- "Pode descer e aguardar".
Assim fiz. Desci as escadas e mal cheguei ao corredor que desagua na sala de espera, já este estava cheio de gente, com pessoas ocupando todos os lugares sentados e com muitas outras pessoas de pé, espalhadas pelos cantos. Atravessei o corredor e dirigi-me para a sala de espera, também ela lotada e com pessoas de pé encostadas às paredes. Pousei a mochila no chão, e fiquei ali, de pé, no meio daquelas pessoas que estavam encostadas às paredes, e de frente para a plateia que estava sentada, de frente para mim, aguardando a sua chamada.
Assim que alguém libertou um lugar junto à parede, preenchi-o eu, encostando-me também à parede.
Nas salas de espera, espera-se. Na falta de algo que nos entretenha, como o livro que não levei, ou a bugiganga eletrónica que não tenho, ocupa-se o tempo a olhar para as pessoas que estão no nosso campo de visão, e para todas aquelas pequenas coisas que vão acontecendo. Chega uma jovem, com a sua bugiganga eletrónica na mão, e na ausência de um lugar sentado, senta-se de imediato no chão na maior descontração. Mais tarde, arranjando um lugar sentado, mantendo o mesmo à-vontade, reclina-se na cadeira, sentando o cu na extremidade do assento, e contrabalançando o reclinar das costas com as pernas esticadas.

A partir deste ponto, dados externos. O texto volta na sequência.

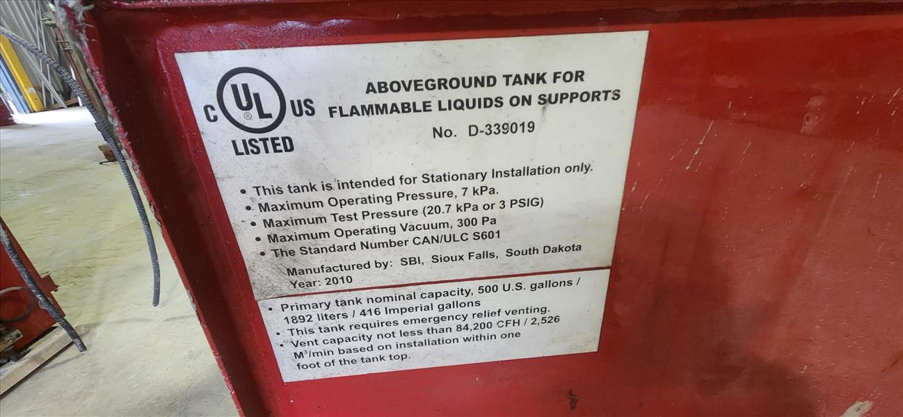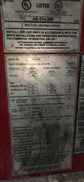CleanBurn heater, mod. CB-5000, 500000 btu/hr c/w flammable liquids tank, 500 usg [TAG 1452 / LOC 738498-0]

As pessoas vão envelhecendo e perdem aquele à-vontade, pensei. Não é socialmente correto e as pessoas acabam por se auto-censurar. Provavelmente, daqui por uns anos, a jovem deixará de poder sentar-se no chão, e reclinar-se na cadeira como uma criança, porque afinal terá de se comportar, como os outros esperam que ela se comporte, no fundo, agindo adequadamente para a sua idade. Conforme vamos envelhecendo, ninguém nos diz o que podemos ou não fazer, mas cada pessoa sabe o que tem de fazer para aceite pelos outros.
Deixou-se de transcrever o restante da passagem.